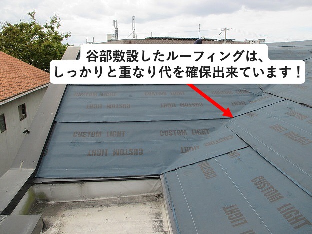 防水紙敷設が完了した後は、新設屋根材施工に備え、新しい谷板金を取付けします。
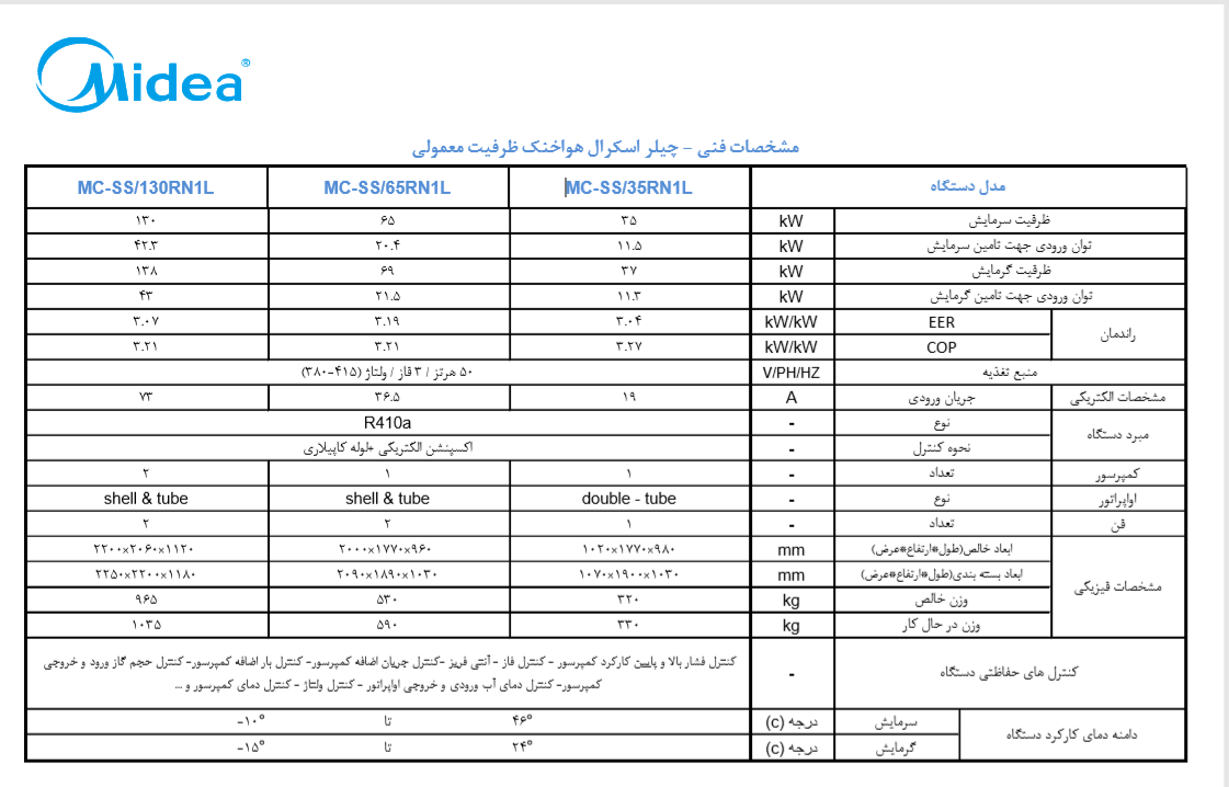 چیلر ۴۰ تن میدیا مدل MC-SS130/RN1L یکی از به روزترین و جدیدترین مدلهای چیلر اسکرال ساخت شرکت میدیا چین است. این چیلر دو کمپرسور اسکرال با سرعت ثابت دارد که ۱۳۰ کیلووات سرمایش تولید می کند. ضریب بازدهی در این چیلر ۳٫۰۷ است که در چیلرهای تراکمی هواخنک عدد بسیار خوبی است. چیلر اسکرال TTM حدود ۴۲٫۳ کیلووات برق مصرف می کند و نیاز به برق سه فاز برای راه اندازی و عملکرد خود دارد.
==============================
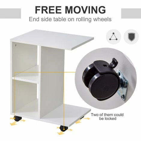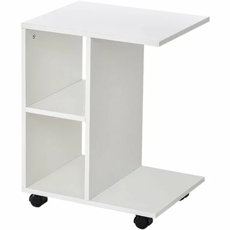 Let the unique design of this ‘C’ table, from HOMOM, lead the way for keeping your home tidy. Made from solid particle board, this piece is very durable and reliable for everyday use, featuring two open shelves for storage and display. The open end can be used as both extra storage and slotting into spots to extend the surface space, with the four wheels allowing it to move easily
==============================
> _WORK TO BE COMPLETED_
Among the records above, locate the line containing "防水紙敷設が完了した後は、新設屋根材施工に備え、新しい谷板金を取付けします。" and the line containing "چیلر ۴۰ تن میدیا", then transcribe exactly the lines starting at the first and ending at the second, with no pictures.

> _THE ANSWER_
 防水紙敷設が完了した後は、新設屋根材施工に備え、新しい谷板金を取付けします。
 چیلر ۴۰ تن میدیا مدل MC-SS130/RN1L یکی از به روزترین و جدیدترین مدلهای چیلر اسکرال ساخت شرکت میدیا چین است. این چیلر دو کمپرسور اسکرال با سرعت ثابت دارد که ۱۳۰ کیلووات سرمایش تولید می کند. ضریب بازدهی در این چیلر ۳٫۰۷ است که در چیلرهای تراکمی هواخنک عدد بسیار خوبی است. چیلر اسکرال TTM حدود ۴۲٫۳ کیلووات برق مصرف می کند و نیاز به برق سه فاز برای راه اندازی و عملکرد خود دارد.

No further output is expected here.